# Verifying uniqueness of my tetration

Previous two posts:

Update: The first link only verifies continuity on $$\mathbb R$$, and so continuity cannot be used for complex heights. The limit of $${}^{z+n}a$$ as $$n\to\infty$$ converges to the same value for all $$z\in\mathbb C$$ since $$[\ln({}^\infty a)]^{z+n}\to0$$.

Let $$D_a$$ be the points where the below definition converges.

I believe I have managed to prove that for $$a\in(1,e^{1/e})$$ and $$z\in D_a$$,

$${}^za=\lim_{n\to\infty}\log_a^{\circ n}({}^\infty a-({}^\infty a-{}^na)[\ln({}^\infty a)]^z)$$

is the unique tetration under the conditions that

1. $${}^0a=1$$

2. $$\displaystyle{}^{z+1}a=a^{({}^za)}$$ for all $$z\in D_a$$

3. $$\displaystyle\lim_{n\to\infty}\frac{{}^\infty a-{}^{n+z}a}{{}^\infty a-{}^na}=[\ln({}^\infty a)]^z$$ as a limit over $$n\in\mathbb N$$ for all $$z\in D_a$$.

Here is my attempted proof:

Let $$b\pm\epsilon$$ refer to a value within $$\epsilon$$ of $$b$$ for simplicity.
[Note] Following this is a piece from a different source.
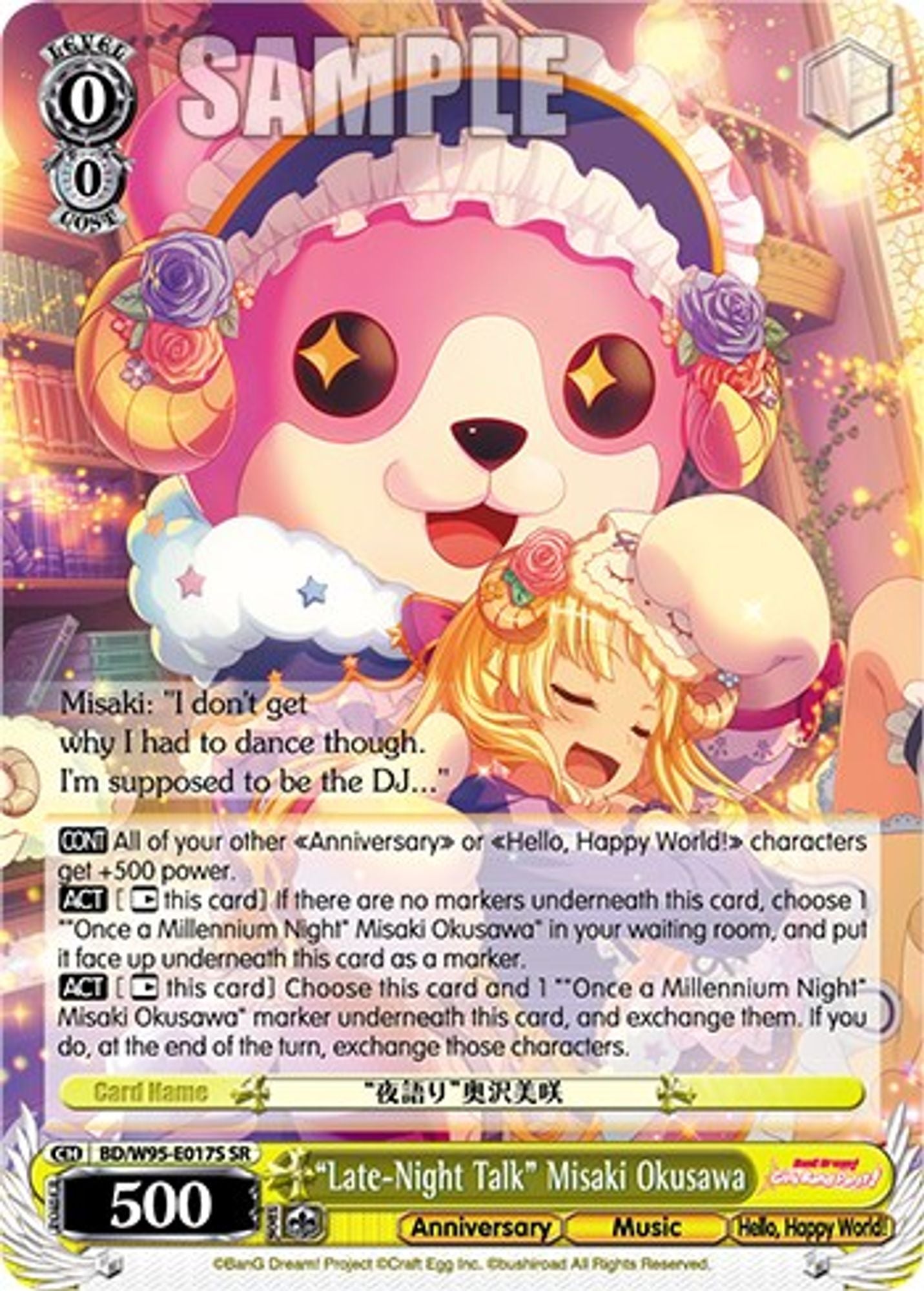 [ACT] [[REST] this card] If there are no markers underneath this card, choose 1 ""Once a Millennium Night" Misaki Okusawa" in your waiting room, and put it face up underneath this card as a marker.

From $$(3)$$ we know that for all $$\epsilon>0$$, there exists $$N$$ s.t. for all $$n>N$$,

$$\frac{{}^\infty a-{}^{n+z}a}{{}^\infty a-{}^na}=[\ln({}^\infty a)]^z\pm\epsilon$$

By continuity of exponentiation, this can be rewritten in terms of another $$\bar\epsilon>0$$:

$$\frac{{}^\infty a-{}^{n+z}a}{{}^\infty a-{}^na}=[\ln({}^\infty a)]^{z\pm\bar\epsilon}$$

Solving for $${}^{n+z}a$$ gives

$${}^{n+z}a={}^\infty a-({}^\infty a-{}^na)([\ln({}^\infty a)]^{z\pm\bar\epsilon})$$

Logging $$n$$ times and applying $$(2)$$ gives

$${}^za=\log_a^{\circ n}({}^\infty a-({}^\infty a-{}^na)([\ln({}^\infty a)]^{z\pm\bar\epsilon}))$$

Taking the limit as $$n\to\infty$$ gives us

$${}^za=\lim_{n\to\infty}\log_a^{\circ n}({}^\infty a-({}^\infty a-{}^na)([\ln({}^\infty a)]^{z\pm\bar\epsilon}))$$

However, from the first link, we know that this limit converges to a continuous function on $$D_a$$. So for this to be true for all $$\bar\epsilon>0$$, we must have

$${}^za=\lim_{n\to\infty}\log_a^{\circ n}({}^\infty a-({}^\infty a-{}^na)([\ln({}^\infty a)]^z))$$

Note also that the definitions of $${}^\infty a$$ and $${}^na$$ for natural $$n$$ in the above are defined by $$(1)$$ and $$(2)$$.